If ROI is not the right metric, can you share how you measure the success of digital platform initiatives such as YONO?
I do believe ROI is not the right measure for an innovation such as the YONO platform. That is because you cannot establish financial ROI early on. Rather, we deploy a measurement matrix to track progress. For example, one measure that we use is how many new people are coming to the platform. Let us say that we get roughly around two million log-ins a day into YONO. Of this two million, how many are new customers? How many new types of transactions are being completed? How many of them have tried more than three or four products because of the ease of transaction? What are the comments being posted and where are they clicking?
The qualitative benefits I referred to earlier include an important upside from this sort of initiative – brand building. By launching digital initiatives like this, we are seen as a more digitally-savvy bank. In addition, the adoption of new transformation disciplines – such as hackathons, agile project management, and collaborative ways of working – helps drive culture change across the organization.

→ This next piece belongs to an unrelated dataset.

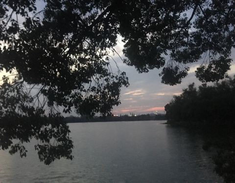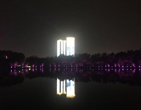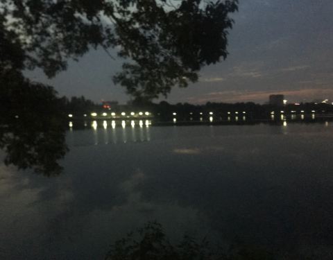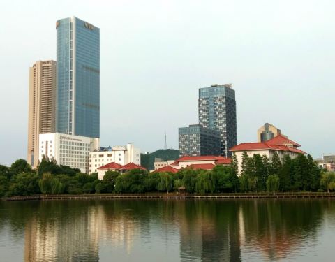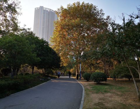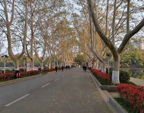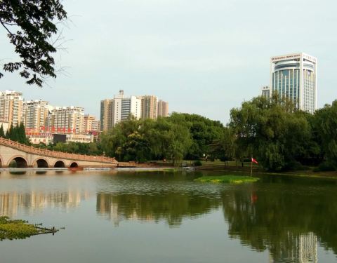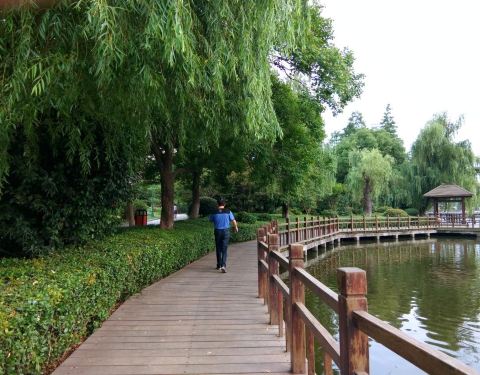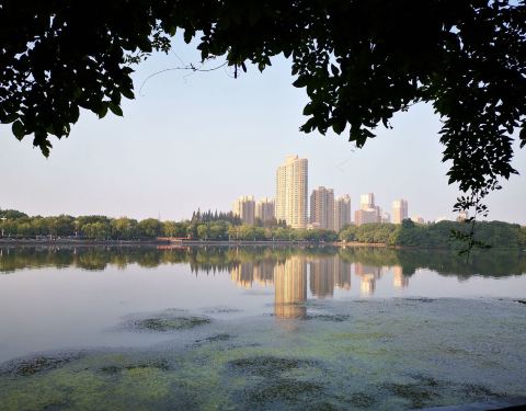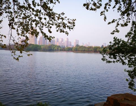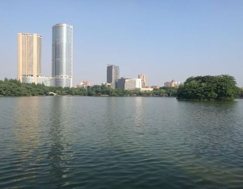 湖周围垂柳倒映,高楼成群,为市中心风景区。这里傍晚湖边运动的市民很多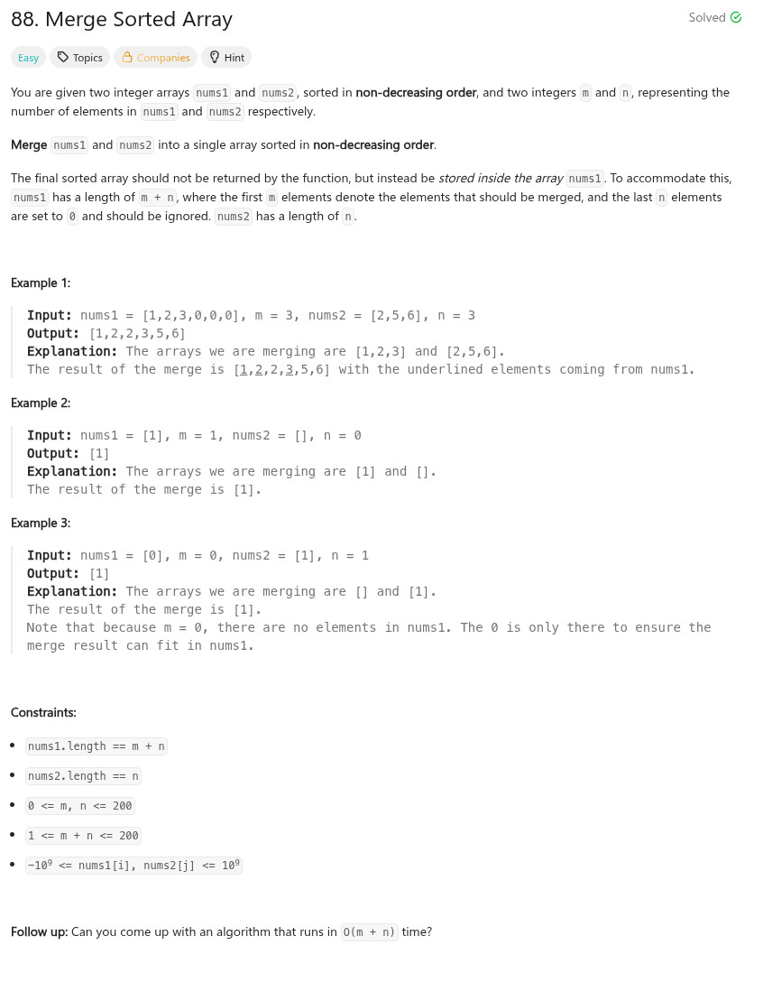 程式語言 - LeetCode - C++ - 88. Merge Sorted Array

If ROI is difficult to prove, how do you make the case to leadership for innovation investment?
You have to put a cap on the amount of money you will invest in a digital transformation initiative and establish a timeframe. That way, you are capping the risk. After a certain timeframe, I showcase what I have achieved based on what I described previously, and then ask for the next tranche of funding. It has to happen incrementally. However, it is important to be agile and have a minimum viable product in the form of a quick-win. Without that, it can be a bottomless pit where you continue saying, “no, no, don’t ask me about ROI.” Nobody will buy that.
The importance of trust to SBI
In the context of a very large financial services organization in a country such as India, what do you believe are some of the challenges that are unique?

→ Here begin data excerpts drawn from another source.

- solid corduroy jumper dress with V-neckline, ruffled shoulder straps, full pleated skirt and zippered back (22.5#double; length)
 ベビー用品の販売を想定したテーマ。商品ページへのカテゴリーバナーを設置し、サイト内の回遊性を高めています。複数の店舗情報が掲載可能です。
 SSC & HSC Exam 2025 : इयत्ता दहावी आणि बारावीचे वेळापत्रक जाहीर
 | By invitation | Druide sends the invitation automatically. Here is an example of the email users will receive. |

One unique challenge is that the payment system and the transaction is the first touchpoint of any general customer to an institution. In our context, the institution imparts trust. The institution impact authentication. We have to first impart a sense of robustness and a sense of credibility. Culturally, Indian consumers are very, very value conscious. They may spend a little more time for a lower cost. And if you are too jazzy then people will not stick with you. Another thing typical to the Indian customer is that family significantly influences which bank you have a relationship with. The children’s decision about keeping an account for a long time is influenced by the father’s decision or mother’s decision. So, there are cultural nuances that differentiate the Indian consumer.
You mentioned that you have to impart trust. Earlier, you also spoke of a minimum viable product (MVP). How do you balance agility with ensuring you are seen as a symbol of trust?

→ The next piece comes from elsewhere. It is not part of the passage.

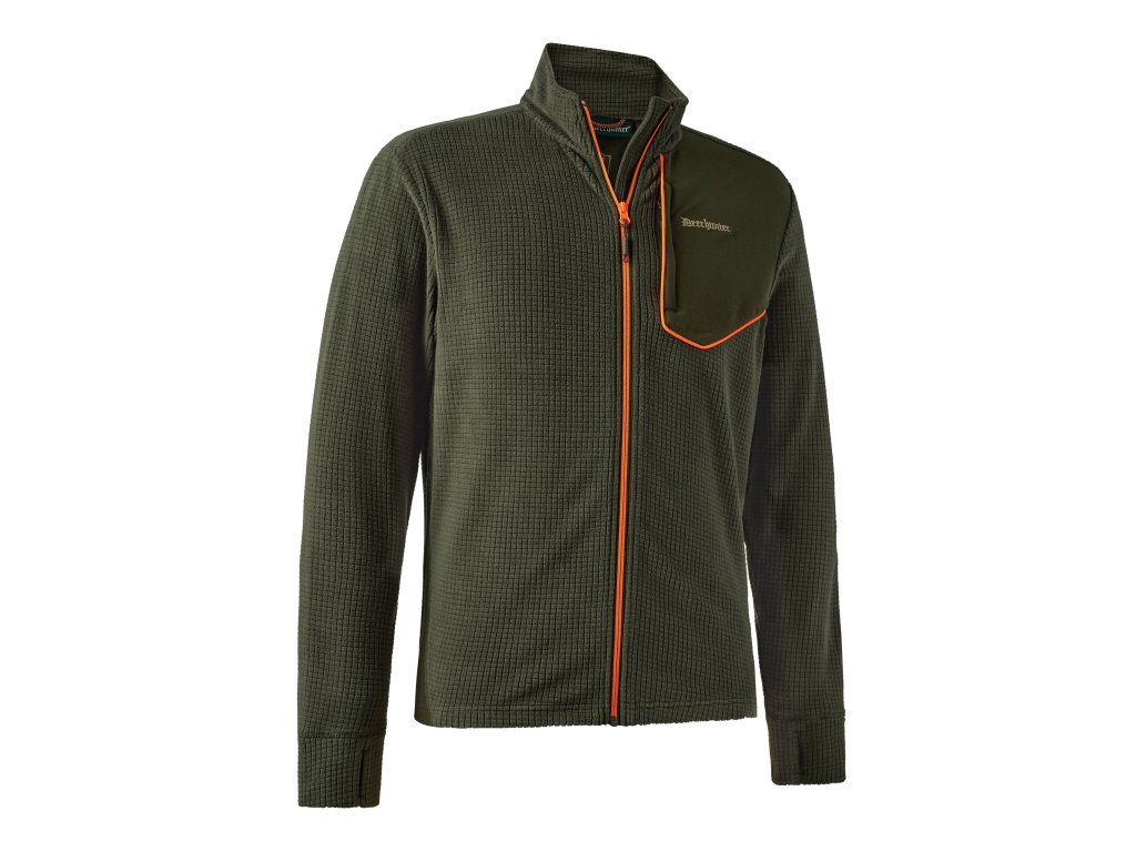 Flaušovou bundu Deerhunter Chamois Full-Zip doplňuje náprsní kapsu s manžetou a skrytým zipem.

An MVP does not mean that we compromise on security at any stage. Our minimum viable product also has to pass the security test, user application testing, system integration testing, and a variety of other processes. It’s important to bear in mind that we cannot be as nimble-footed as a startup. People will forgive a startup, saying they are yesterday’s child. But how can a 212-year old organization mess up? We have that adverse burden of proof on us. We just have to be more careful. Sometimes, that takes more time.